In his testimony, David Gollaher, president and CEO of the California Healthcare Institute, praised PDUFA V's "concentration on patient-focused drug development" and acknowledged the importance of building a better shared understanding of benefits and risks.

"Virtually all medicines bear some capacity for harm," he noted. "A zero-risk approach would shut down the development of beneficial drugs," which could be happening in some sectors, such as diabetes, as investment dries up because of FDA data requirements and review times.

In determining the risk-benefit profile of a drug, the FDA "focuses almost exclusively on the direct risks of drugs," Gollaher said. But what about the indirect risks to public health, he asked, "if investors avoid an important disease because the FDA's demands for data are so extensive and its standards for drug approval so uncertain?"

Testifying on behalf of the Biotechnology Industry Organization, Richard Pops, chairman and CEO of Alkermes plc, noted the average time between treatment discovery and availability to patients is 10 to 15 years. "That is much too long," he said.
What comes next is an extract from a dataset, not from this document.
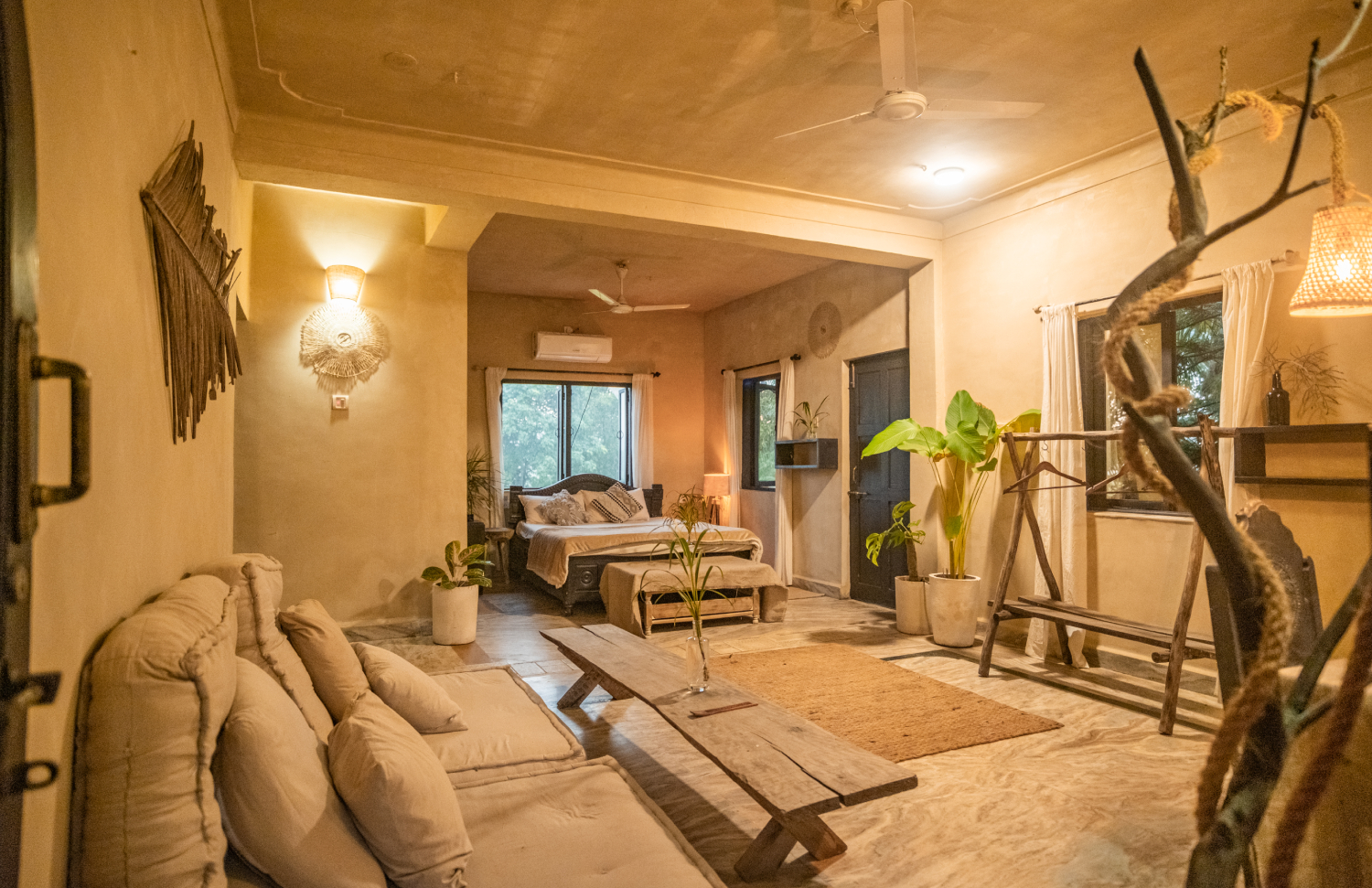 "Experience a tranquil stay at Palmorama Retreat Home, where comfort meets nature. Book now to secure your perfect getaway and immerse yourself in the serene beauty of Mandrem."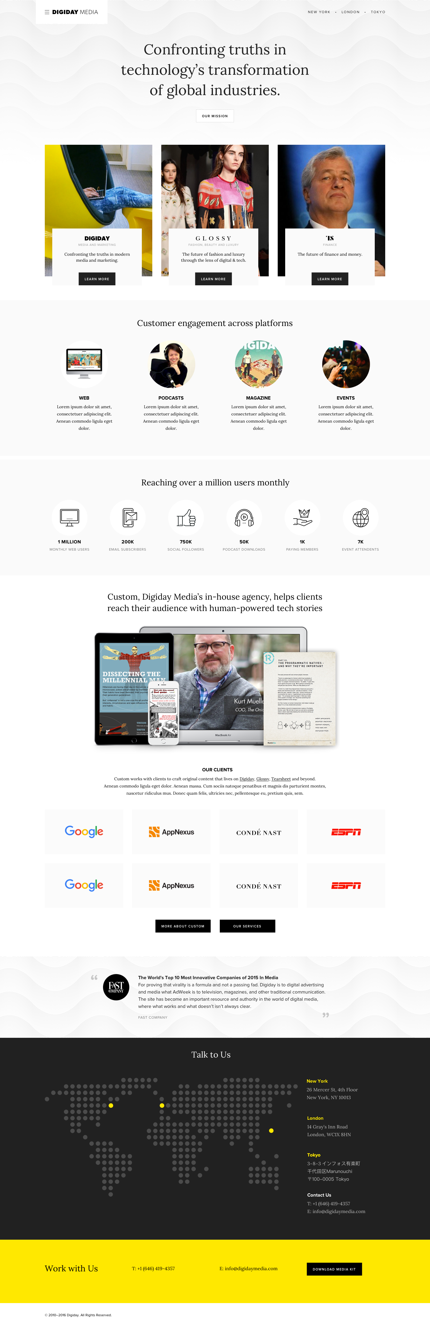 Studio Chow's work with Digiday Media began in 2013 with the rebranding and site redesign of Digiday, marking its transformation from an event company into a publisher business. The company has since grown into a global media powerhouse with a monthly reach of 1 million users across it’s media brands.

"Unpredictability and inconsistency in the review process, suboptimal communication with sponsors and decreased FDA performance not only hinder patient access to new treatments, but also negatively affect the ability of biotechnology companies to raise funding to support clinical development and ongoing innovation," Pops added.

By increasing transparency and scientific dialogue, advancing regulatory science and strengthening postmarket surveillance, Pops said PDUFA V could enhance the drug development and review process and speed access to breakthrough technologies.

As Congress takes up PDUFA reauthorization, the biopharma industry is keeping its fingers crossed that the provisions it negotiated with the FDA don't get bogged down in policy squabbles. Several questions popped up during the subcommittee hearing that suggested Congress might try to interject its concerns on such areas as accelerated approval, conflicts of interest, drug pedigrees and orphan drug incentives. (See BioWorld Today, Oct. 26, 2011.)

The subcommittee will hold a hearing Feb. 7 on the new user fees for generic drugs and biosimilars.